**What this task involves**
Leaving out all pictures, write down exactly the lines from the one containing "設計靈感源自專櫃同款,展現日" through the last line of the material.

▬▬▬▬▬▬

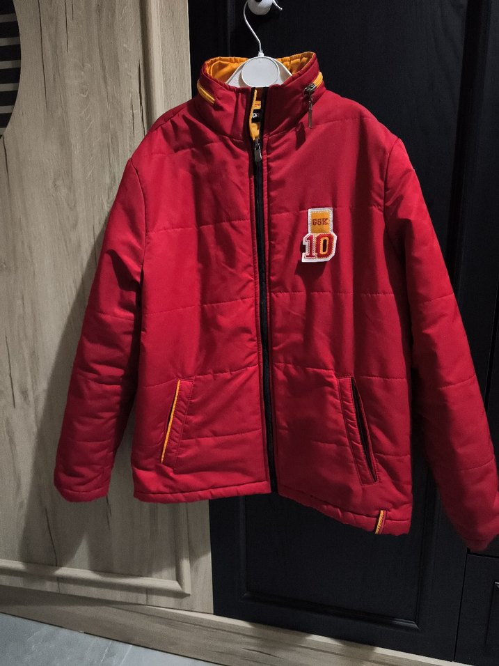 Fermuarlı cepleri ve kesik yakası olan kırmızı, renkli baskılı, içi yumuşak ve sıcak kumaşlı erkek çocuk montu. 10 numara işareti mevcut.
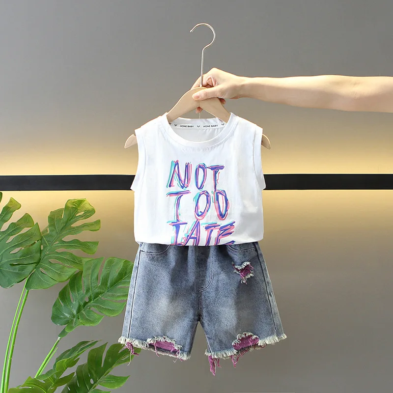 Ropa de Boutique de verano para niños, 2 piezas, moda coreana, Tops informales de algodón sin mangas con letras para bebés + pantalones cortos vaqueros, conjuntos para niños B002
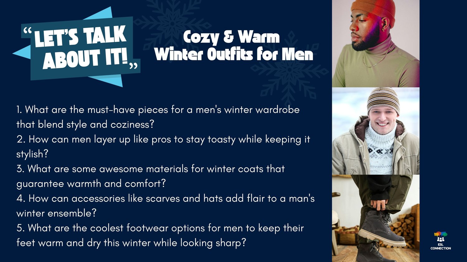 Conversation starters about men's winter outfits are fantastic topics because they blend practical fashion tips with social fun. Men are always on the lookout for ways to express their unique style while staying cozy in the chilly months, so winter fashion is both relevant and exciting. Chatting about this can spark new ideas on creative layering, the coolest trends in outerwear, and picking the perfect accessories.
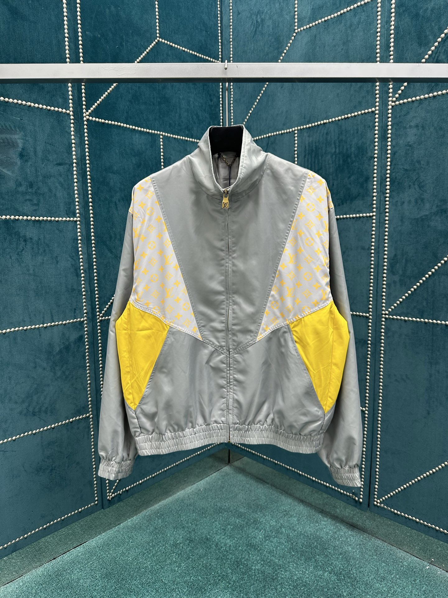 設計靈感源自專櫃同款,展現日常穿搭的高級感。這款LV高仿風衣外套以灰色底與黃色拼接元素組成,結合品牌Monogram壓紋與高領設計,外型醒目卻不浮誇。客人表示「穿上立體挺版,保暖性佳又顯時髦」,適合春秋交替或戶外運動風穿搭。
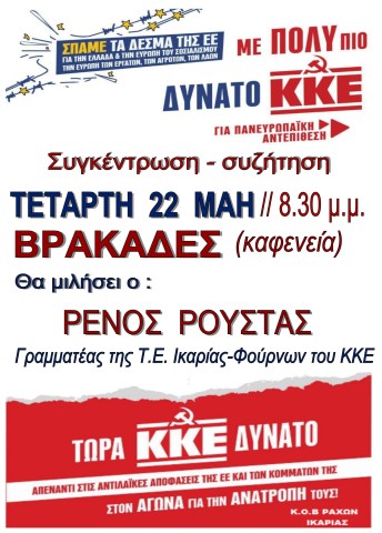 Η Κ.Ο.Β. Ραχών Ικαρίας του ΚΚΕ καλεί σε συγκέντρωση-συζήτηση ενόψει των ευρωεκλογών της 9ης Ιούνη στους Βρακάδες, με θέμα :”Δυνατό ΚΚΕ εκεί που παίρνονται οι αντιλαϊκές αποφάσεις, στο Ευρωκοινοβούλιο, και εκεί που ανατρέπονται, στους δρόμους του αγώνα!”
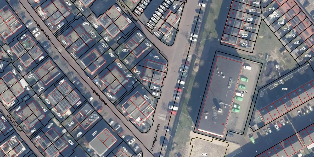 Boomgaardlaan 71 is gelegen op kadastraal perceel ASD28AH4102. Deze kadastrale aanduiding is uniek en wordt gebruikt door het Kadaster om eigendomsrechten en andere zakelijke rechten vast te leggen. Het perceel maakt onderdeel uit van de kadastrale gemeente Amsterdam.
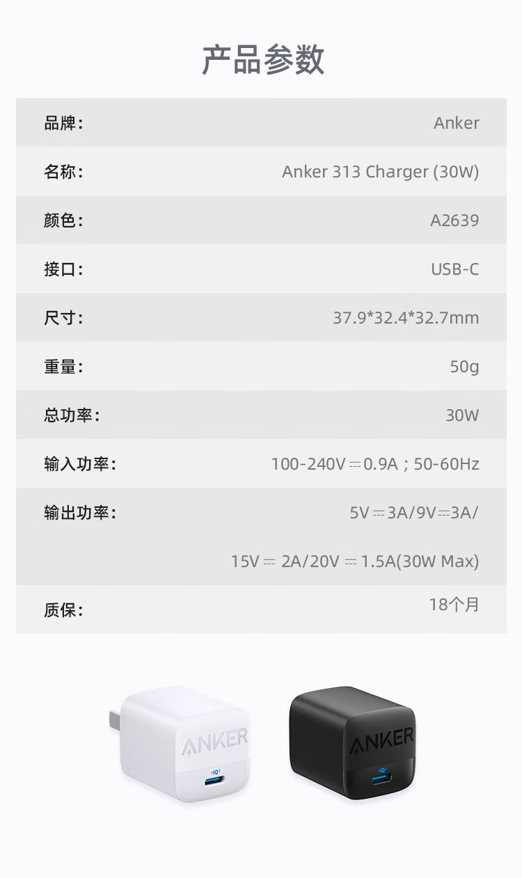 Anker 313 Charger(30W)白 A2639P21
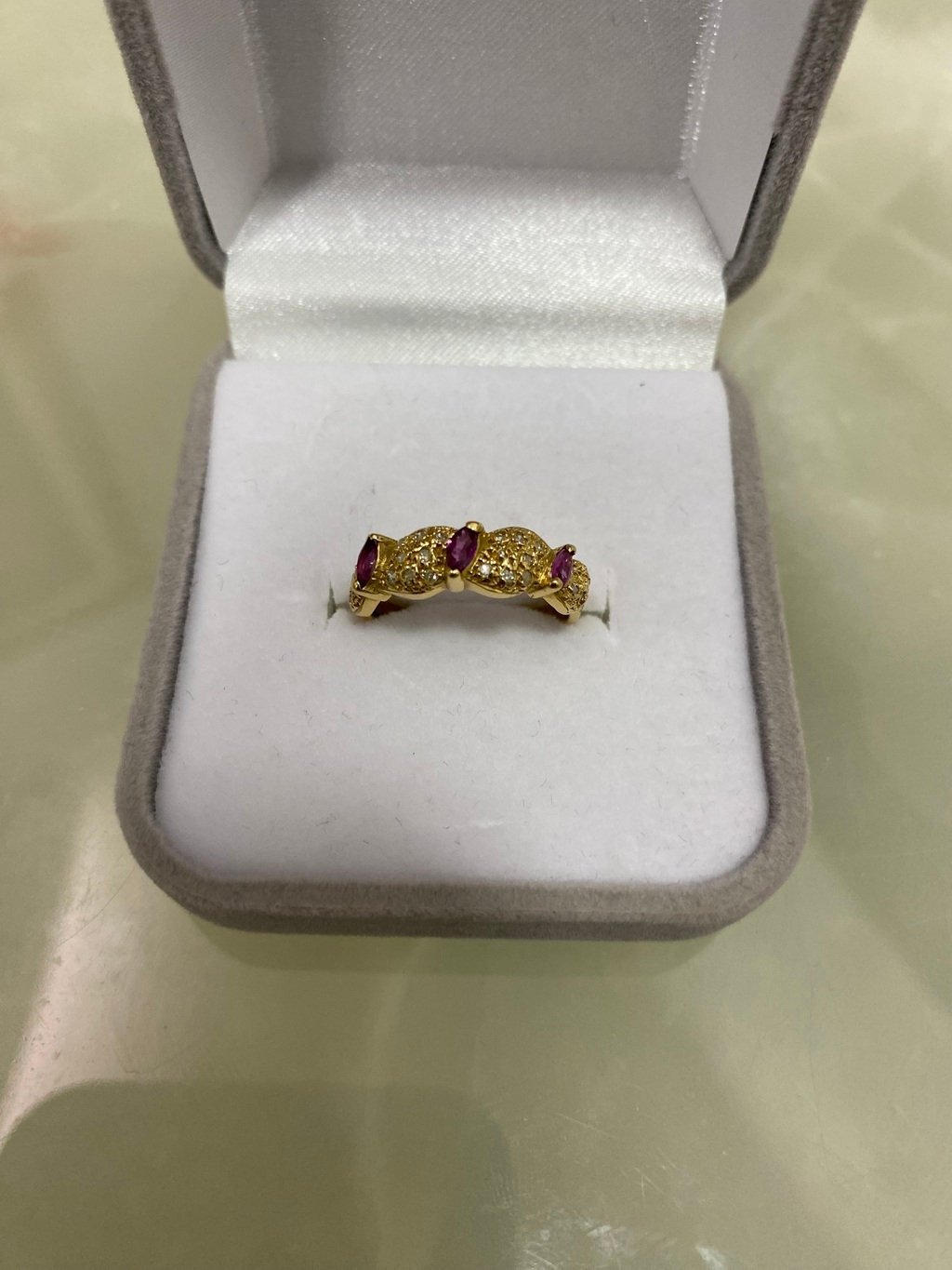 R$ 3.500,00Anel Ouro Amarelo Ametista e Esmeralda
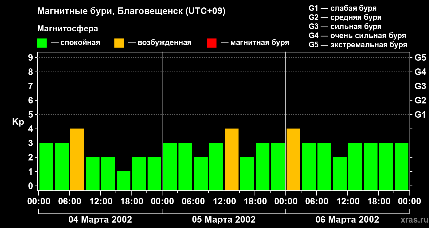 Магнитные бури в Благовещенске — 6 марта 2002 года
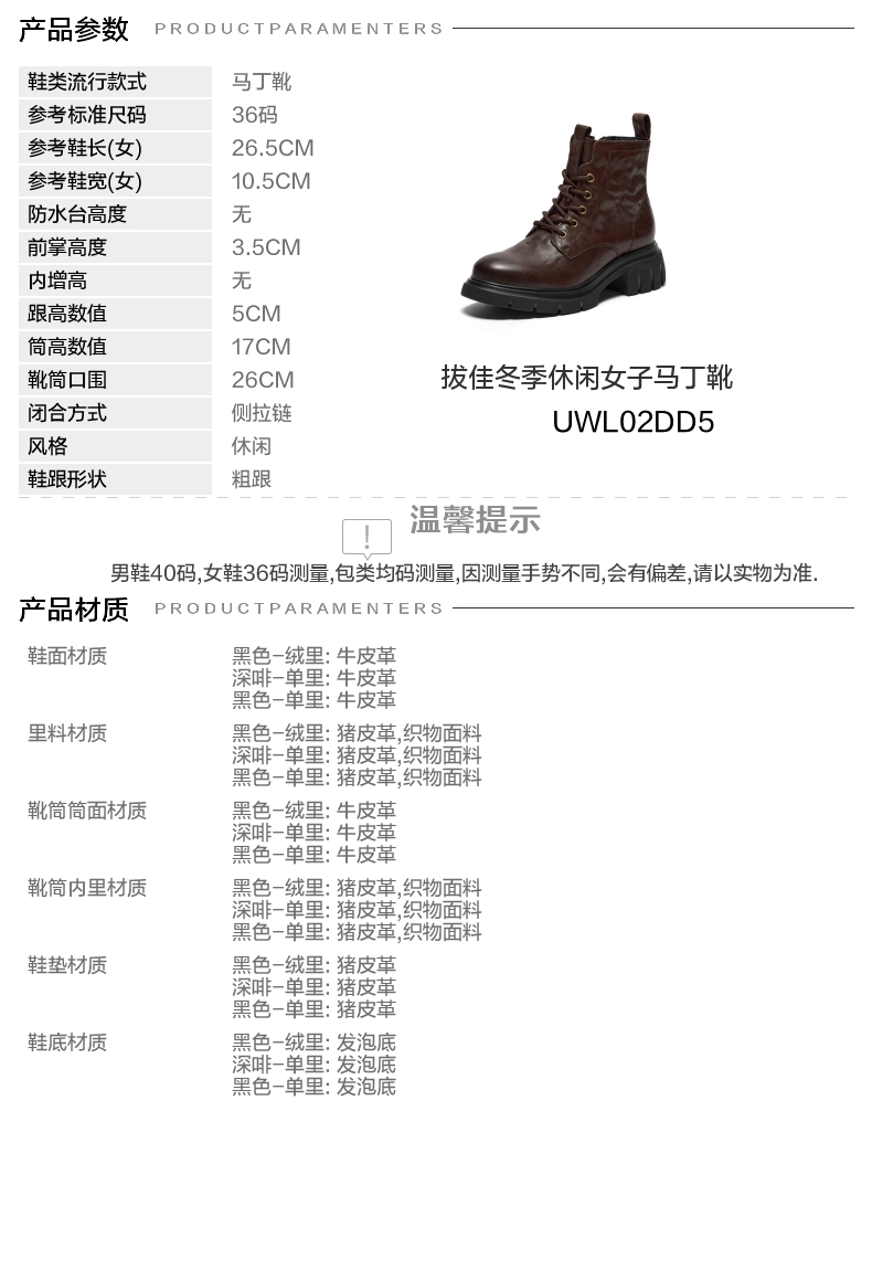 | 参考鞋宽(女):10.5CM | 风格:休闲 | 色系:咖啡色 | 跟高数值:5CM | 筒高数值:17CM |
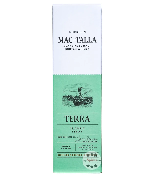 Die Morrisons sind eine der ältesten Whisky-Familien Schottland mit Sitz in Aberargie, Perth. Bereits seit vielen Jahren pflegt die Familie Whisky-Kontakte auf der Isle of Islay. Mit der Marke Mac-Talla produziert sie in Zusammenarbeit mit einer bekannten, aber nicht namentlich genannten Islay-Destillerie besten Islay-Whisky. Whisky-Kenner dürften die typischen Geschmacksnoten wiedererkennen. Der Markenname Mac-Talla soll die Verbindung der Familie mit der Insel widerspiegeln, denn „talla“ kommt aus dem Gälischen und bedeutet übersetzt „Echo“. Wie alle Mac-Talla Whiskys kommt auch Terra ungefärbt und nicht kühlgefiltert in die Flasche.
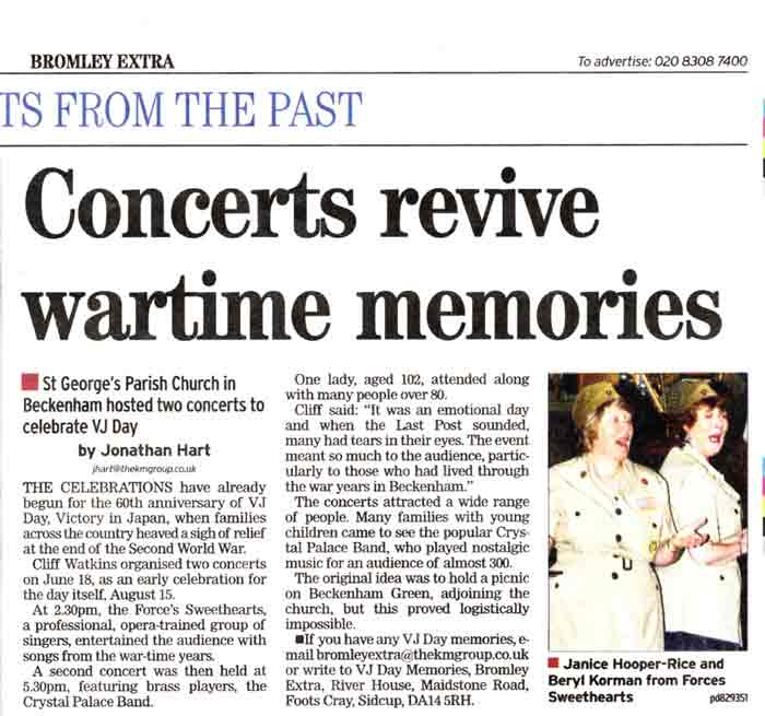'Home Front Recall' concert at Beckenham (newspaper review) and a concert at the 'Norton Flower Festival in the beautiful Kent countryside. Many thanks to Paul Newman, a past secretary of the band, for sponsoring this concert. We also played at Chris and Glenda's wedding on the 2nd July. Chris Atkins has been a member of the band, on and off, for many years past. We wish Chris and Glenda every hapiness for the future.
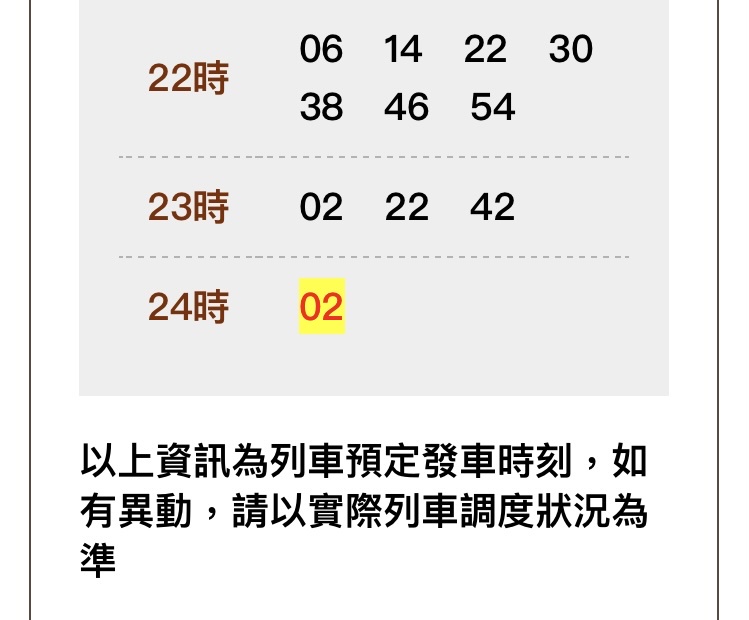 → PTTchiayi : 因為之前用23:30的乘車時刻還查的到車次,才覺得很 10/07 11:57

▬▬▬▬▬▬

**Response to the exercise**
 設計靈感源自專櫃同款,展現日常穿搭的高級感。這款LV高仿風衣外套以灰色底與黃色拼接元素組成,結合品牌Monogram壓紋與高領設計,外型醒目卻不浮誇。客人表示「穿上立體挺版,保暖性佳又顯時髦」,適合春秋交替或戶外運動風穿搭。
 Η Κ.Ο.Β. Ραχών Ικαρίας του ΚΚΕ καλεί σε συγκέντρωση-συζήτηση ενόψει των ευρωεκλογών της 9ης Ιούνη στους Βρακάδες, με θέμα :”Δυνατό ΚΚΕ εκεί που παίρνονται οι αντιλαϊκές αποφάσεις, στο Ευρωκοινοβούλιο, και εκεί που ανατρέπονται, στους δρόμους του αγώνα!”
 Boomgaardlaan 71 is gelegen op kadastraal perceel ASD28AH4102. Deze kadastrale aanduiding is uniek en wordt gebruikt door het Kadaster om eigendomsrechten en andere zakelijke rechten vast te leggen. Het perceel maakt onderdeel uit van de kadastrale gemeente Amsterdam.
 Anker 313 Charger(30W)白 A2639P21
 R$ 3.500,00Anel Ouro Amarelo Ametista e Esmeralda
 Магнитные бури в Благовещенске — 6 марта 2002 года
 | 参考鞋宽(女):10.5CM | 风格:休闲 | 色系:咖啡色 | 跟高数值:5CM | 筒高数值:17CM |
 Die Morrisons sind eine der ältesten Whisky-Familien Schottland mit Sitz in Aberargie, Perth. Bereits seit vielen Jahren pflegt die Familie Whisky-Kontakte auf der Isle of Islay. Mit der Marke Mac-Talla produziert sie in Zusammenarbeit mit einer bekannten, aber nicht namentlich genannten Islay-Destillerie besten Islay-Whisky. Whisky-Kenner dürften die typischen Geschmacksnoten wiedererkennen. Der Markenname Mac-Talla soll die Verbindung der Familie mit der Insel widerspiegeln, denn „talla“ kommt aus dem Gälischen und bedeutet übersetzt „Echo“. Wie alle Mac-Talla Whiskys kommt auch Terra ungefärbt und nicht kühlgefiltert in die Flasche.
'Home Front Recall' concert at Beckenham (newspaper review) and a concert at the 'Norton Flower Festival in the beautiful Kent countryside. Many thanks to Paul Newman, a past secretary of the band, for sponsoring this concert. We also played at Chris and Glenda's wedding on the 2nd July. Chris Atkins has been a member of the band, on and off, for many years past. We wish Chris and Glenda every hapiness for the future.
 → PTTchiayi : 因為之前用23:30的乘車時刻還查的到車次,才覺得很 10/07 11:57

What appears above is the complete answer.